To install in Claude Desktop:

  1. Go to claude_desktop_config.json by running the below command.
# For macOS or Linux:
code ~/Library/Application\ Support/Claude/claude_desktop_config.json

# For Windows:
code $env:AppData\Claude\claude_desktop_config.json
  1. In that file add:
{
    "mcpServers":
    {
        "UNS_MCP":
        {
            "command": "ABSOLUTE/PATH/TO/.local/bin/uv",
            "args":
            [
                "--directory",
                "ABSOLUTE/PATH/TO/YOUR-UNS-MCP-REPO/uns_mcp",
                "run",
                "server.py"
            ],
            "env":
            [
            "UNSTRUCTURED_API_KEY":"<your key>"
            ],
            "disabled": false
        }
    }
}
  1. Restart Claude Desktop.

  2. Example Issues seen from Claude Desktop.

    • You will see No destinations found when you query for a list of destination connectors. Check your API key in .env or in your config json, it needs to be your personal key in https://platform.unstructured.io/app/account/api-keys.

Debugging tools

Anthropic provides MCP Inspector tool to debug/test your MCP server. Run the following command to spin up a debugging UI. From there, you will be able to add environment variables (pointing to your local env) on the left pane. Include your personal API key there as env var. Go to tools, you can test out the capabilities you add to the MCP server.

mcp dev uns_mcp/server.py

If you need to log request call parameters to UnstructuredClient, set the environment variable DEBUG_API_REQUESTS=false. The logs are stored in a file with the format unstructured-client-{date}.log, which can be examined to debug request call parameters to UnstructuredClient functions.
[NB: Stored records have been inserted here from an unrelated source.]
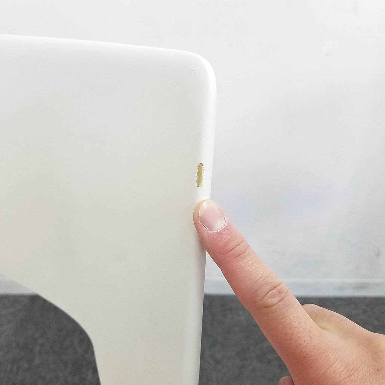 - かなり強い濃い黄ばみ・変色が商品全体にある。(例、座面・背もたれ、脚部等にある。)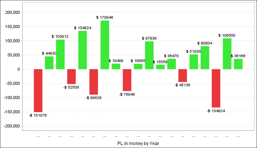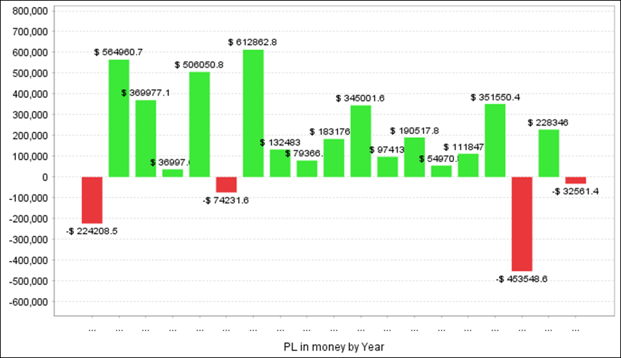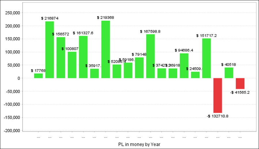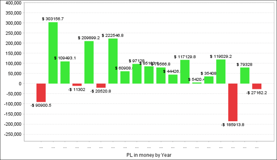 QuantAnalyzerを使って、長期成績がプラスだった3通貨ペアを合計すると、過去18年間で+325.3万円の収益となりました。
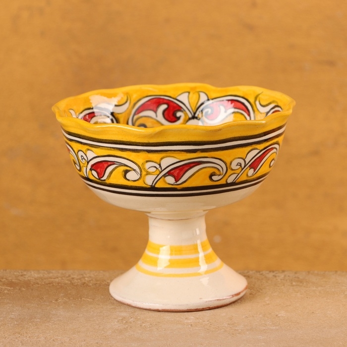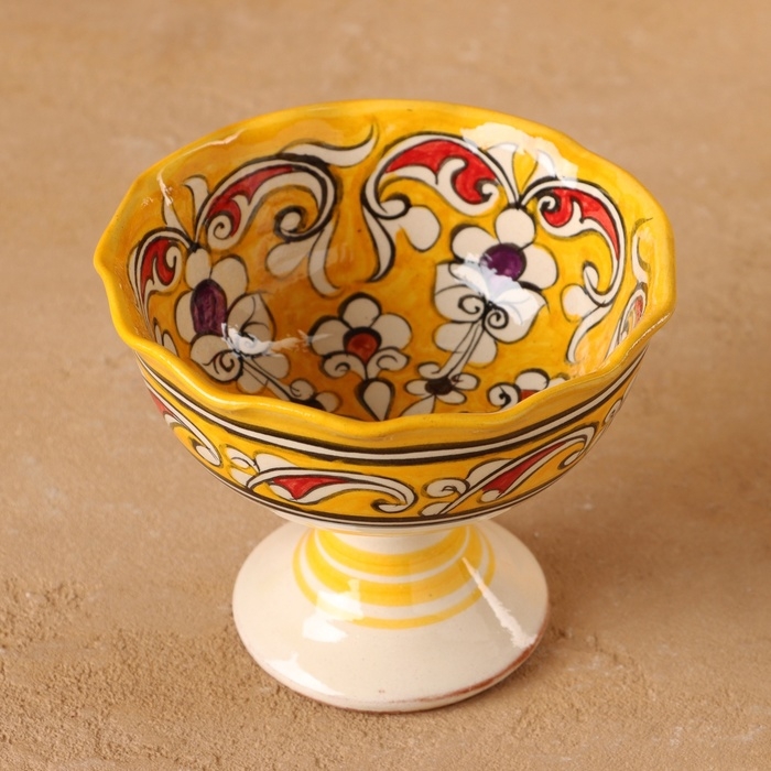 Конфетница Риштанская Керамика "Цветы", желтая 12 см,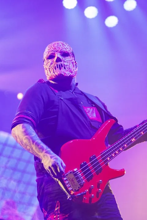 Person wearing a skull mask playing a red bass guitar on stage with purple lighting.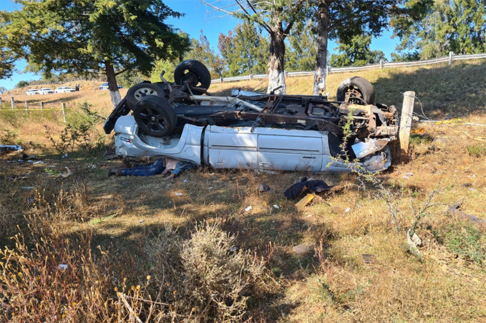 Morelia, Michoacán. Un saldo de tres personas fallecidas y dos heridos dejó la volcadura de una camioneta en la autopista de Occidente.

Running locally minimal client, accessing local the MCP server over HTTP + SSE

The main difference here is it becomes easier to set breakpoints on the server side during development -- the client and server are decoupled.

# in one terminal, run the server:
uv run python uns_mcp/server.py --host 127.0.0.1 --port 8080

or
make sse-server

# in another terminal, run the client:
uv run python minimal_client/client.py "http://127.0.0.1:8080/sse"
or
make sse-client

Hint: ctrl+c out of the client first, then the server. Otherwise the server appears to hang.